## Instructions to follow
In the records below, find the line that contains "The item has" and the line that contains "Example of export"; write out exactly those two lines and everything between them, without the pictures.

## Records for the task
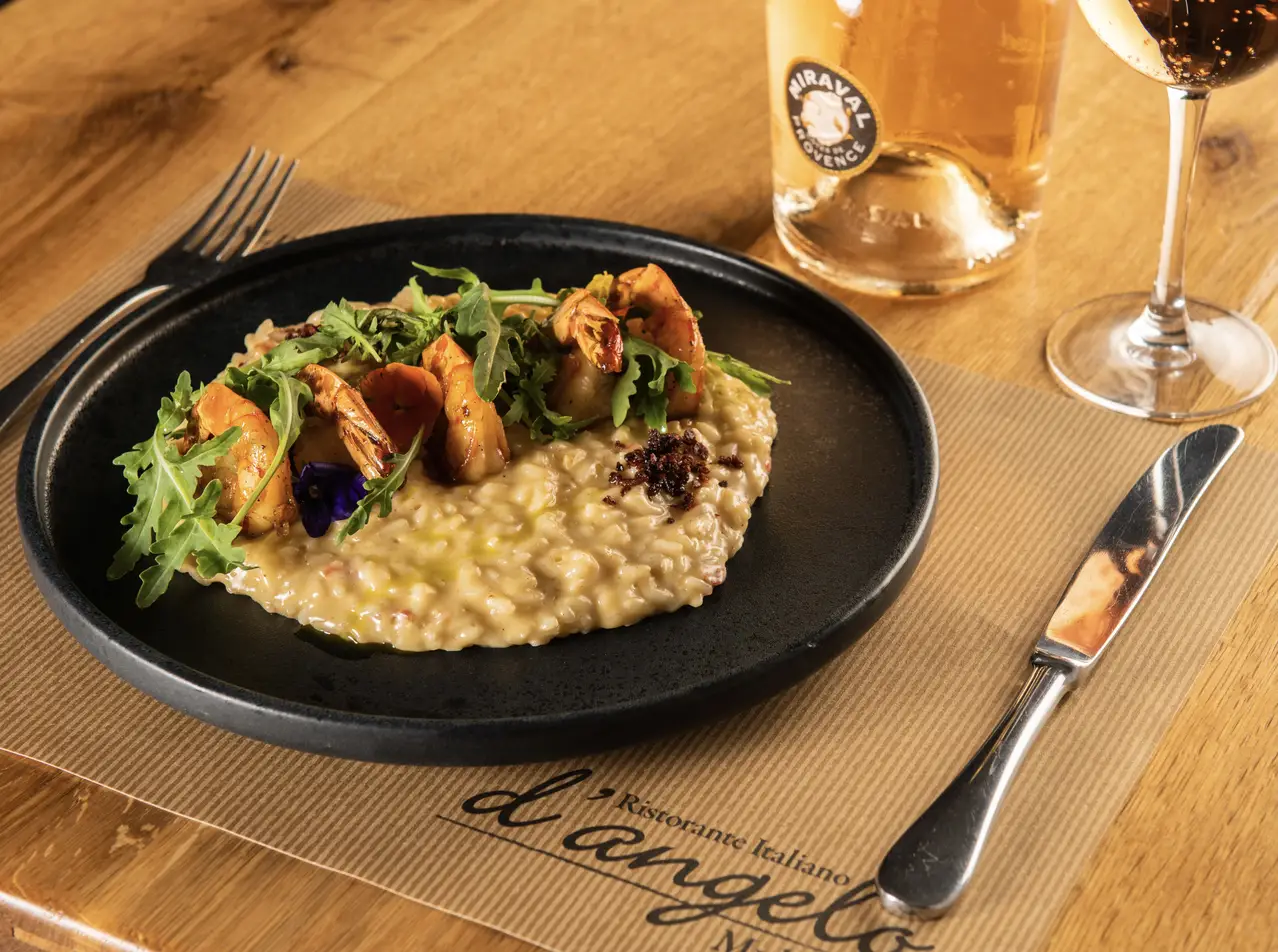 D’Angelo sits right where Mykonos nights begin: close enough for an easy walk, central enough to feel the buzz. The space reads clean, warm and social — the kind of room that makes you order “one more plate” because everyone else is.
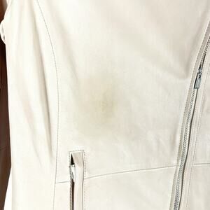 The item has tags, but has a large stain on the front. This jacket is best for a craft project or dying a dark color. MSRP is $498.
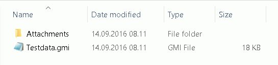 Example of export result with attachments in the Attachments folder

--

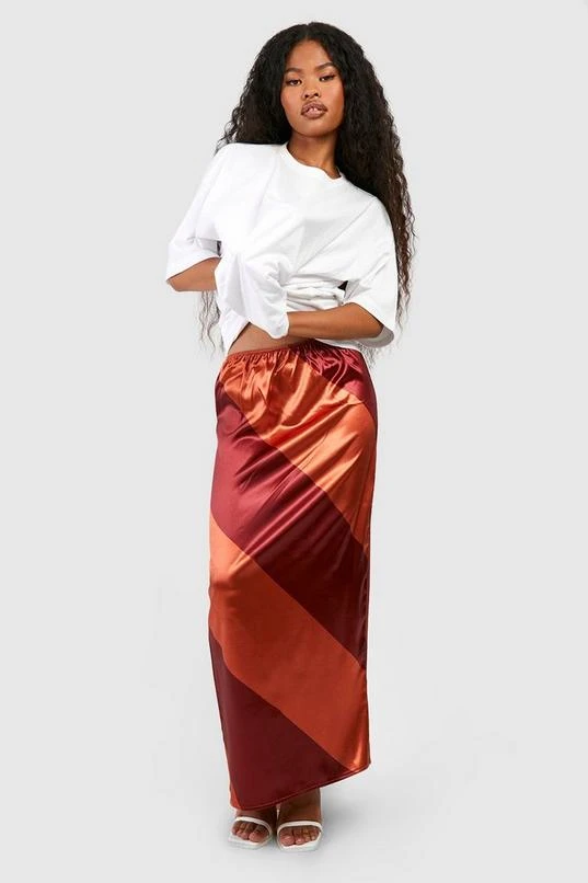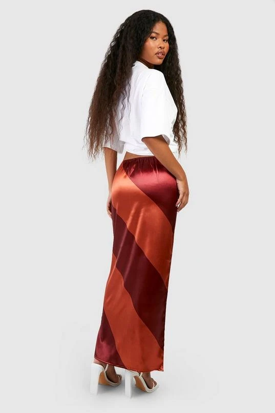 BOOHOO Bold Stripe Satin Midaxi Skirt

## Result below
 The item has tags, but has a large stain on the front. This jacket is best for a craft project or dying a dark color. MSRP is $498.
 Example of export result with attachments in the Attachments folder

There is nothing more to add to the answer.